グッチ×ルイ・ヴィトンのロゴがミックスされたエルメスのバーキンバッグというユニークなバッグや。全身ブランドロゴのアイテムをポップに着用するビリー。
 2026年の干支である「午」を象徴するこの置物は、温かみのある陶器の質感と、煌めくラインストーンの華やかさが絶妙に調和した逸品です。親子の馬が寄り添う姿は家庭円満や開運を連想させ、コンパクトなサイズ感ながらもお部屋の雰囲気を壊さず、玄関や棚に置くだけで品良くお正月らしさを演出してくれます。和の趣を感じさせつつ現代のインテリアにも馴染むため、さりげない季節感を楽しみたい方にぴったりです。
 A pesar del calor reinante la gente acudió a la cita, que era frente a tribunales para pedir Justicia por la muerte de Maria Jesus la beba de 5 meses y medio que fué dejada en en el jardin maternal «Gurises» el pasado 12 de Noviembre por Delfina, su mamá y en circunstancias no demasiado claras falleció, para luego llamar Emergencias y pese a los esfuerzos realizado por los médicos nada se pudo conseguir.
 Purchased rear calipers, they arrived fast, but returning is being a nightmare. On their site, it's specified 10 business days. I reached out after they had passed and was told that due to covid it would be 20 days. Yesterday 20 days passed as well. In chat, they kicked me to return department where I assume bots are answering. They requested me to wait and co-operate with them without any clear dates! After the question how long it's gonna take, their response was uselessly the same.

※

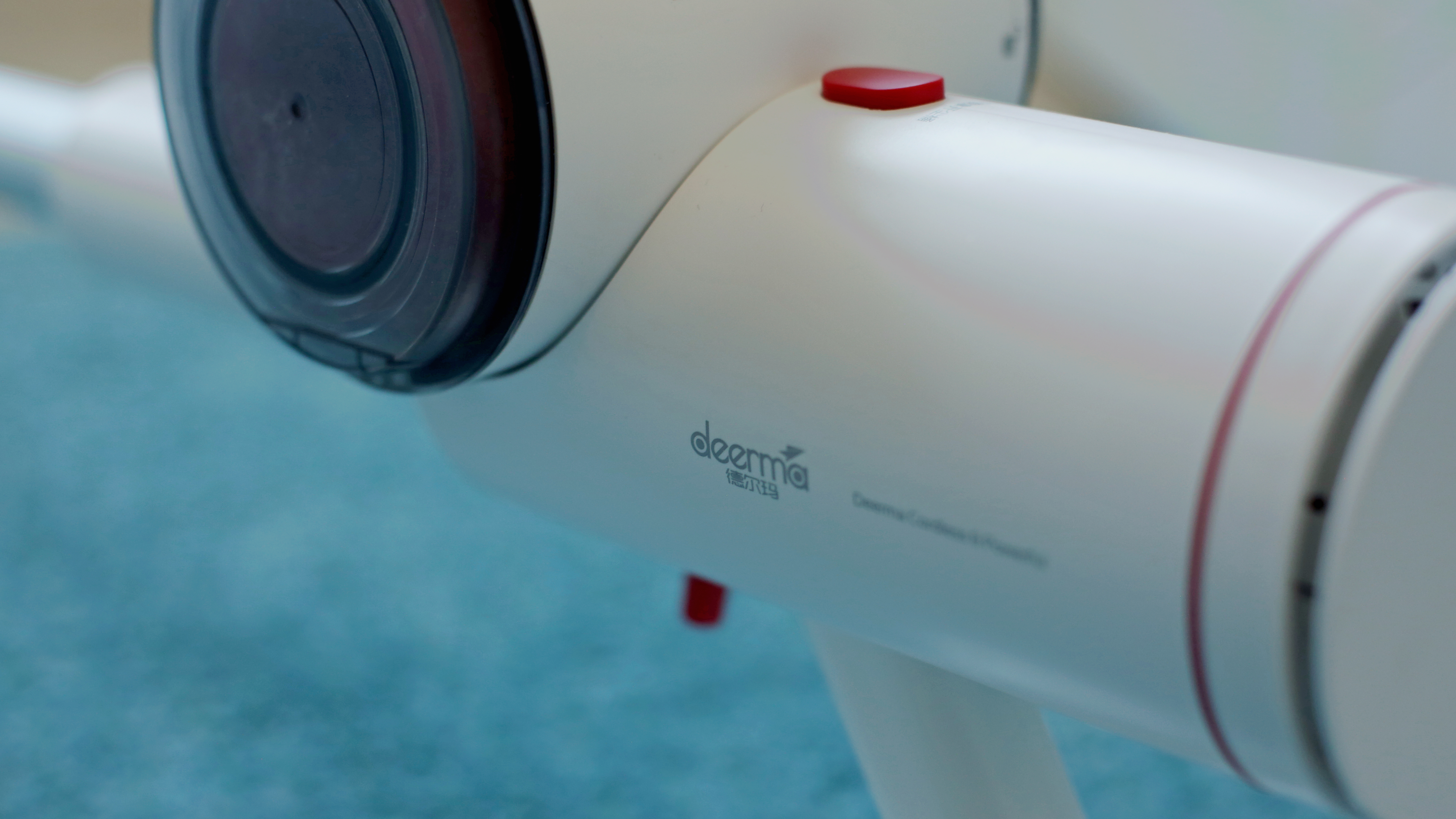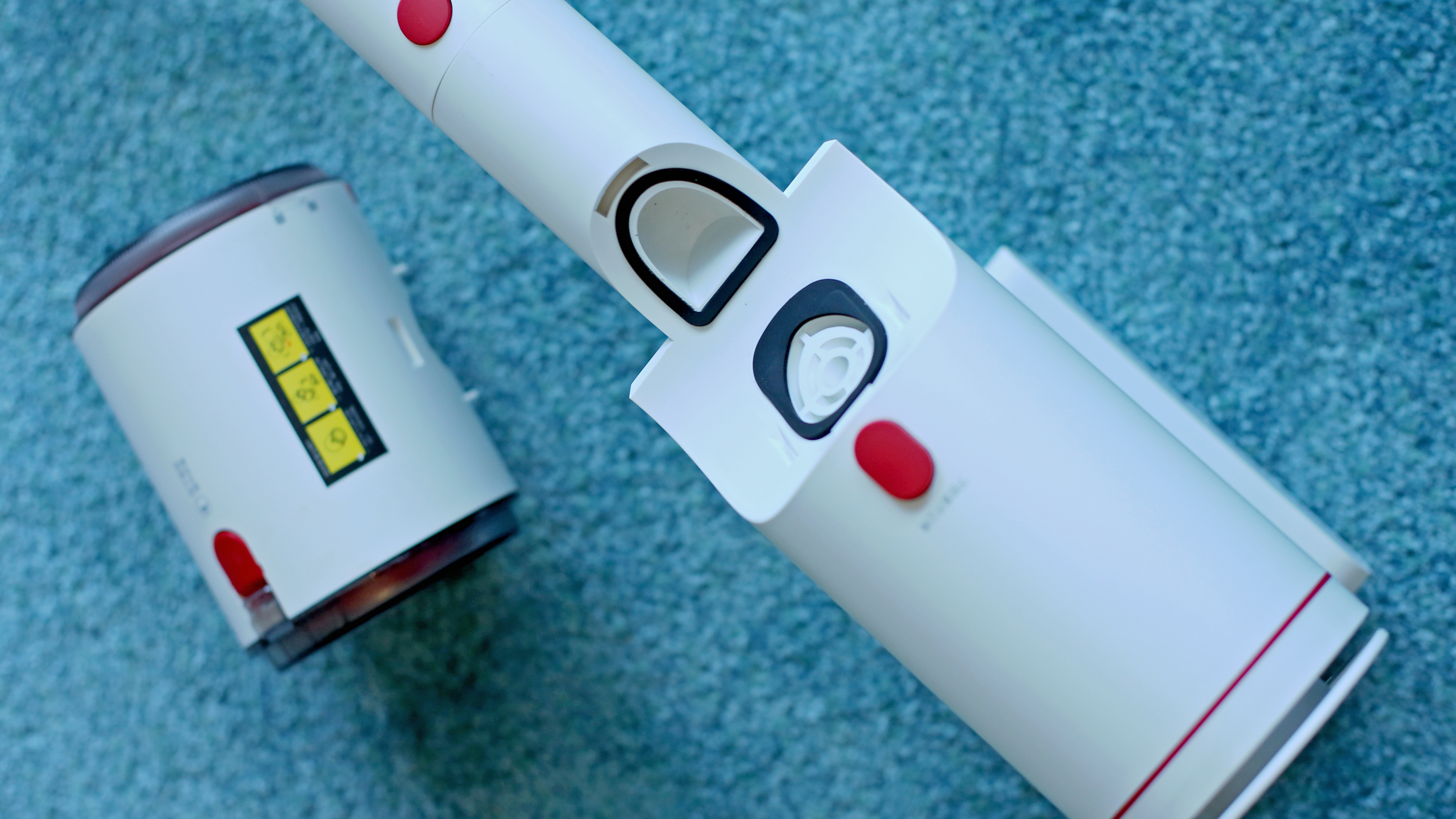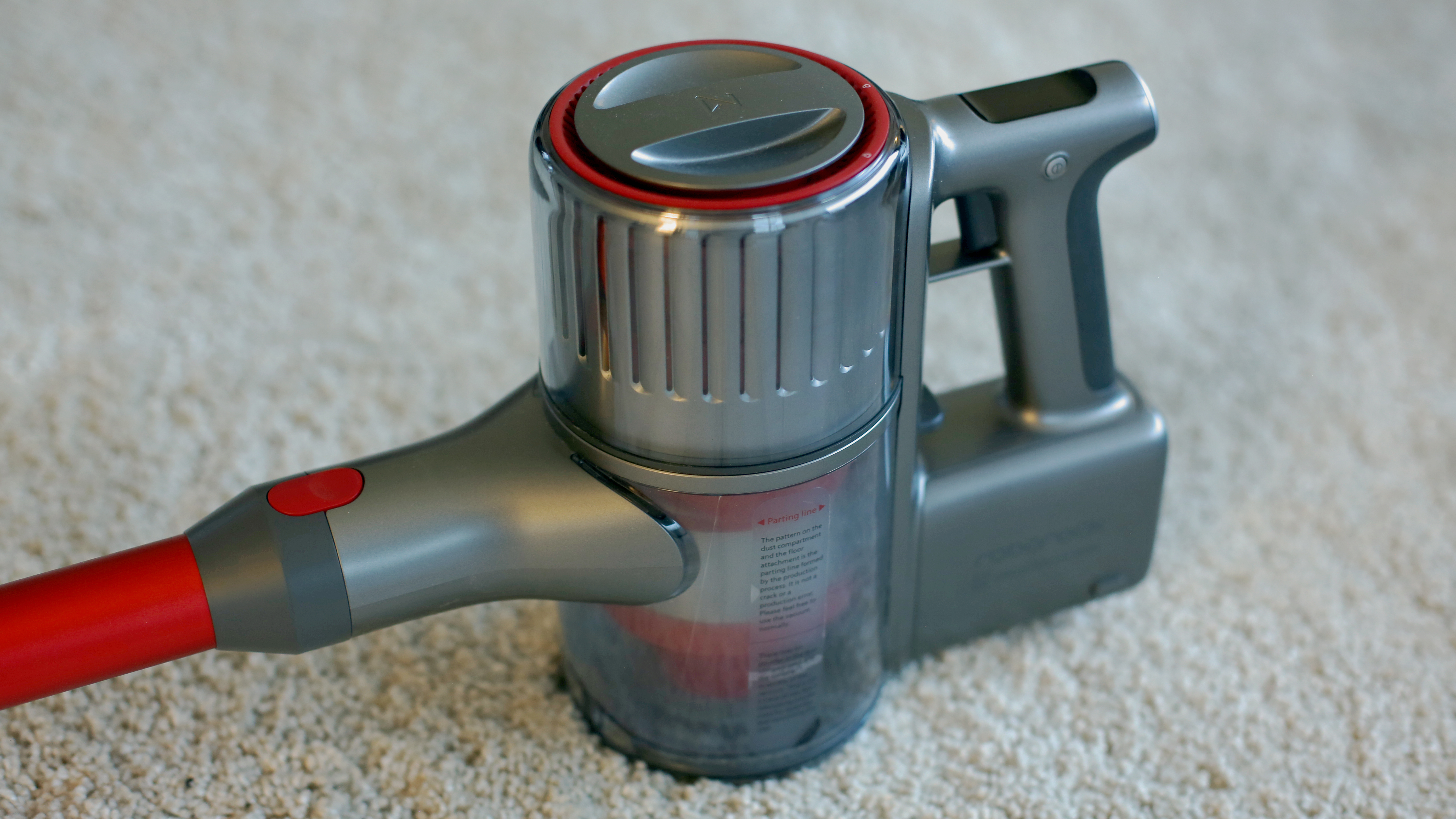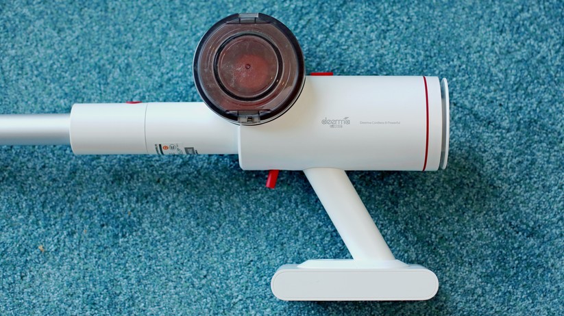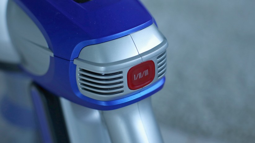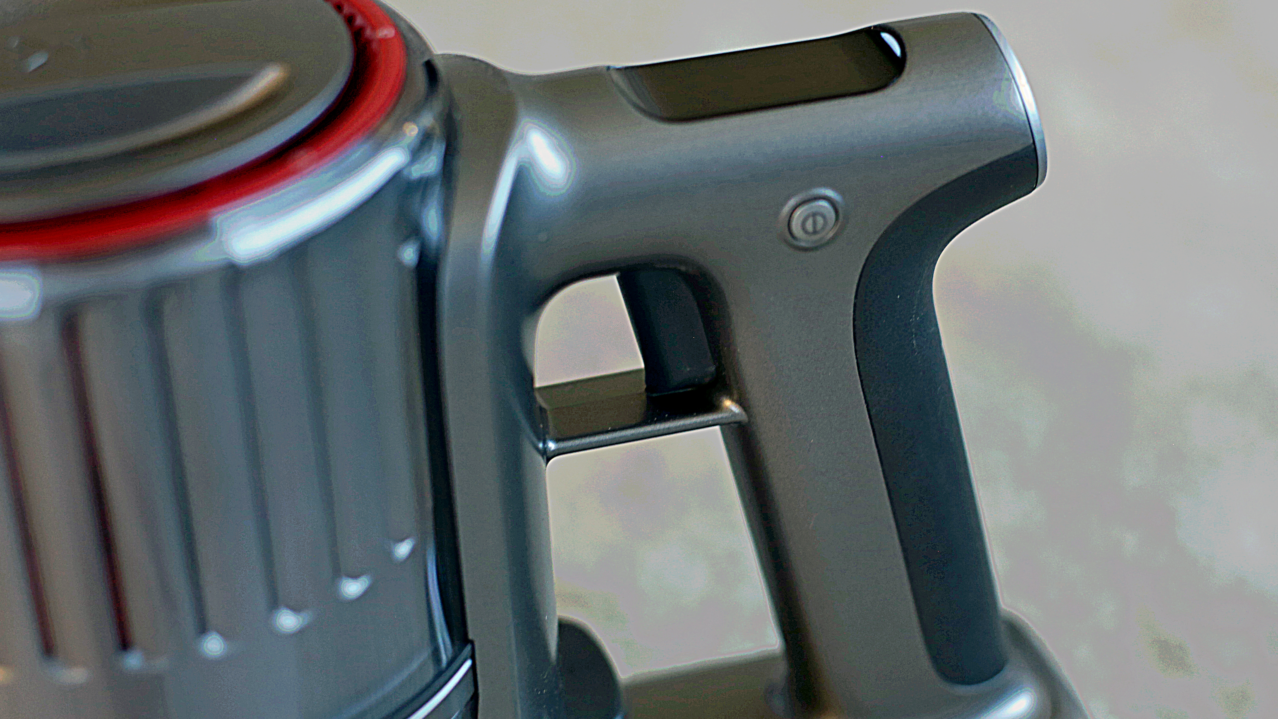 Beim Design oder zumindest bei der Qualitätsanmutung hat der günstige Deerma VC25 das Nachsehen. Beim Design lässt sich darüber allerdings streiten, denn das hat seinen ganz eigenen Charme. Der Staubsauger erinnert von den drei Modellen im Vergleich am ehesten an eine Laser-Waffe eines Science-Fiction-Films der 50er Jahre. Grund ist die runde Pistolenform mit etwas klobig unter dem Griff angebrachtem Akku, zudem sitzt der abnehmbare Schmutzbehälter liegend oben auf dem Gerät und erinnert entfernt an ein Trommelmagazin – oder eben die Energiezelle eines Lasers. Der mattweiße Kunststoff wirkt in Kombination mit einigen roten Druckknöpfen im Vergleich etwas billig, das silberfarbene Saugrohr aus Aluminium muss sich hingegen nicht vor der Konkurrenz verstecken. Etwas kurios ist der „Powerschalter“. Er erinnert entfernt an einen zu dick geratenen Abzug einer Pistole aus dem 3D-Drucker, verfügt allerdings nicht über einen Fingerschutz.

※

→ **Task requirements**
Reproduce, character for character, only the lines of the preceding data that start at the line with "グッチ×ルイ・ヴィトンのロゴ" and end at the line with "2026年の干支である「午」", both included.

→ **Reply**
グッチ×ルイ・ヴィトンのロゴがミックスされたエルメスのバーキンバッグというユニークなバッグや。全身ブランドロゴのアイテムをポップに着用するビリー。
 2026年の干支である「午」を象徴するこの置物は、温かみのある陶器の質感と、煌めくラインストーンの華やかさが絶妙に調和した逸品です。親子の馬が寄り添う姿は家庭円満や開運を連想させ、コンパクトなサイズ感ながらもお部屋の雰囲気を壊さず、玄関や棚に置くだけで品良くお正月らしさを演出してくれます。和の趣を感じさせつつ現代のインテリアにも馴染むため、さりげない季節感を楽しみたい方にぴったりです。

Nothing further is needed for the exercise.